## The problem
The line with "14K white gold" and each line following it, up to the final line of the data, should be set down exactly; pictures stay out.

## Information shown
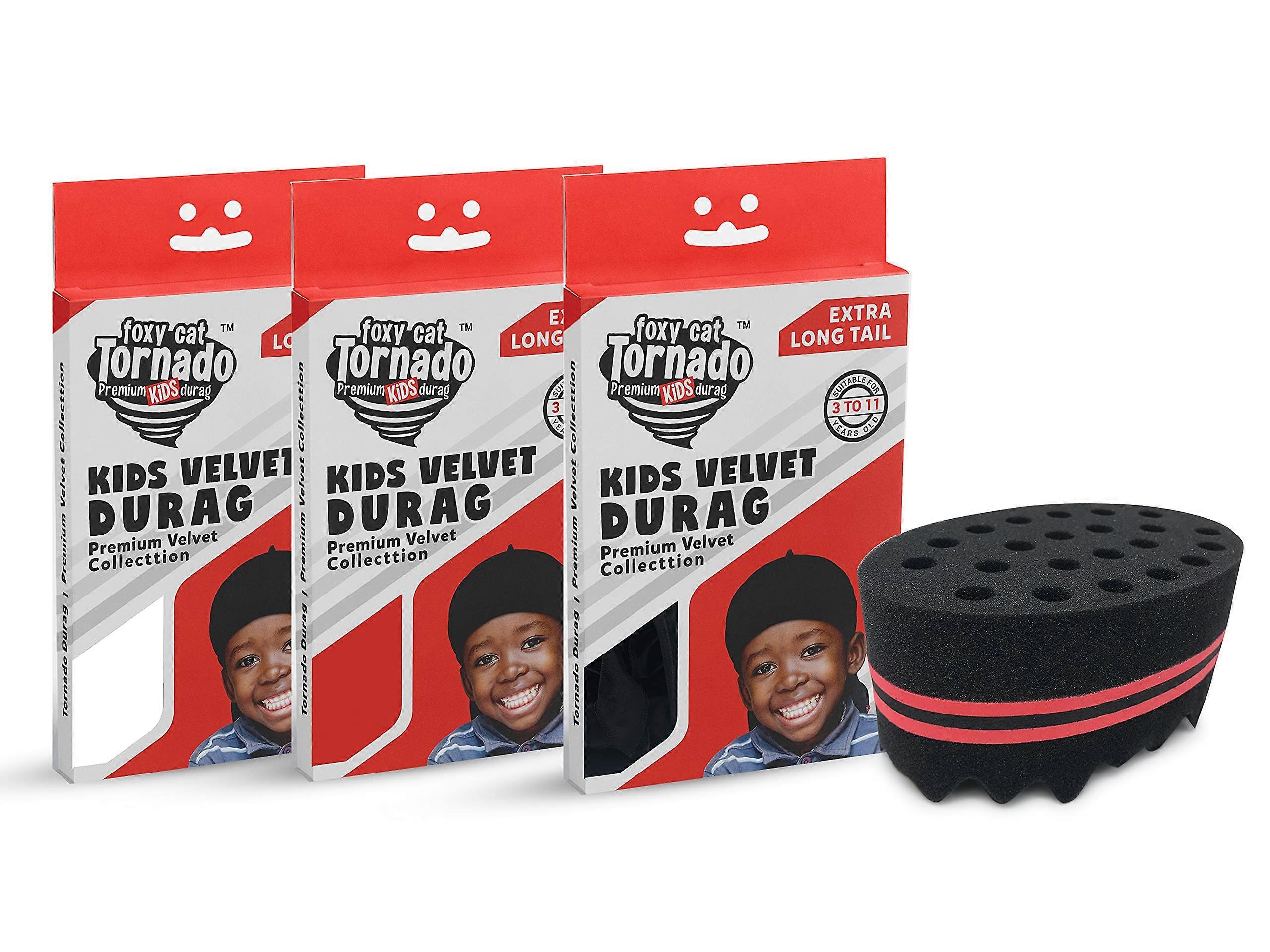 Soft, stretchy velvet durag set designed for kids, offering comfortable fit and reliable hold for waves, twists, and cornrowed styles. Each cap features an extralong tail and wide straps to provide even compression and a secure wrap. Includes three colors and a medium twosided twist sponge for styling. Key benefits Comfortable fit: Stretchy velvet cap with a shaped design that sits flat and reduces bulk. Strong hold and compression: Extralong tail and wide straps allow for tighter, more even compression to maintain styles. Versatile styling: Ideal for creating and preserving waves, securing cornrows, and holding twists or braids in place. Included styling tool: Medium twosided twist sponge helps define twists and textured styles. Colors and count: Set of 3 kids velvet durags in Black, White, and Red. Attributes Material: Soft velvet for gentle contact with hair and scalp. Size and fit: Designed for kids, with long straps to wrap securely and adjust to fit. Performance: Provides consistent compression for daily wear, sleep, or poststyling hold. Compatibility: Suitable for use on a range of hair types when forming waves, cornrows, twists, or braid styles. Practical use scenarios Overnight wave setting: Use after brushing and apply the durag to set waves overnight for smoother, more consistent results in the morning. Postbraid or postcornrow protection: Wear during the day or at night to keep braids and cornrows neat and reduce friction. Styling and maintenance: Use the medium twosided sponge to create defined twists, then secure with the durag for longerlasting definition. A straightforward, practical set for kids who need reliable compression, comfort, and easy styling support for waves and braided looks.
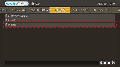 [手順2] リモコンの「ホーム」キーを押してホーム画面に遷移した後、設定画面の「管理設定」にある「再起動」からチューナー再起動を行ってください。なお、「管理設定」内の「再起動」は、シークレットモードをオン(画面右下の鍵マークを開いた状態)にしていただくことにより表示されます。シークレットモード暗証番号の初期値は、取扱説明書をご確認ください。
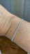 14K white gold stamped. Approximately 1.7 carats and 1.7mm width. Round cut lab grown diamonds. Crocodile claw clasp which I love because it’s secure and lays flat so it’s not bulky/snagging on stuff.
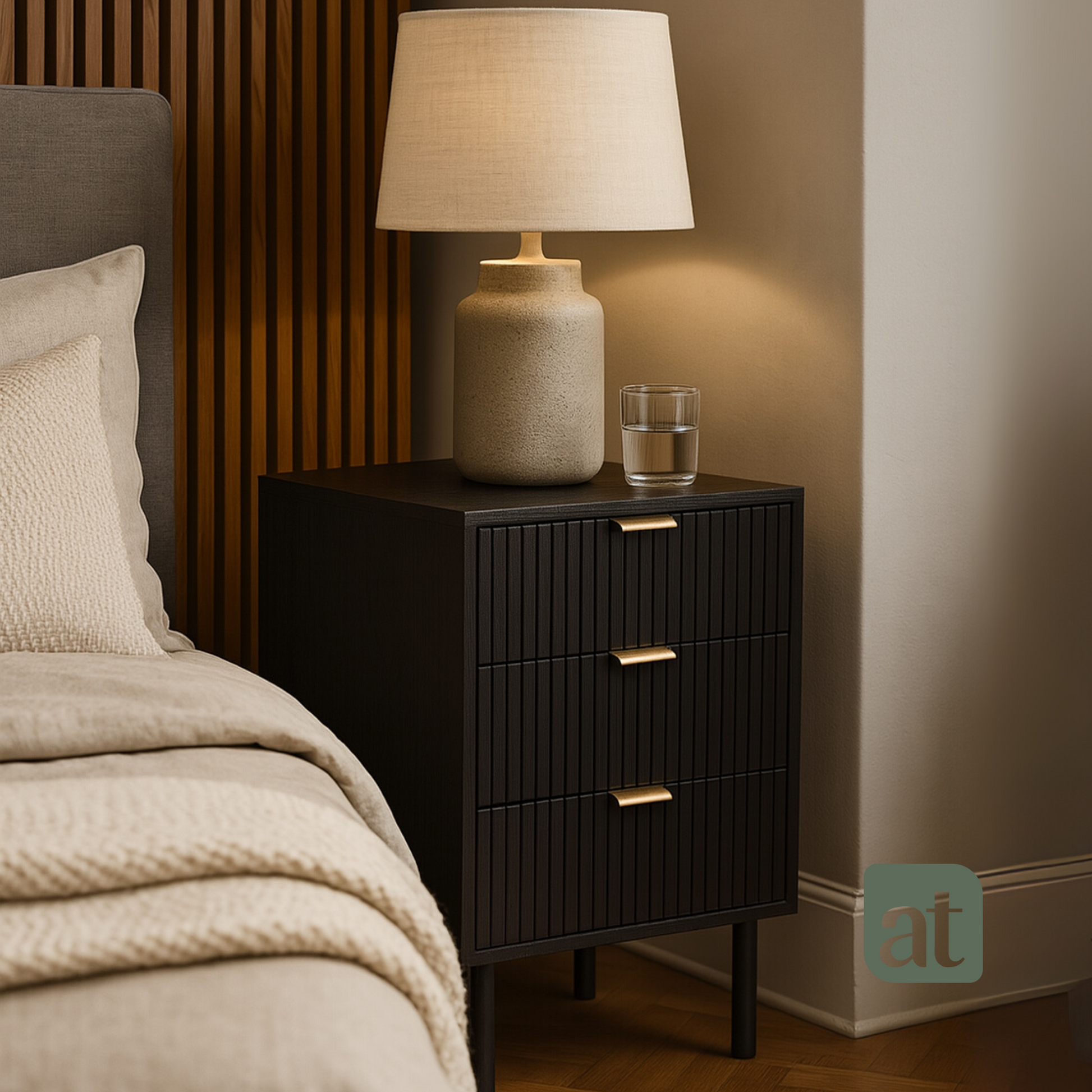 Buró 3 cajones para recámara minimalista - negro

## Result
 14K white gold stamped. Approximately 1.7 carats and 1.7mm width. Round cut lab grown diamonds. Crocodile claw clasp which I love because it’s secure and lays flat so it’s not bulky/snagging on stuff.
 Buró 3 cajones para recámara minimalista - negro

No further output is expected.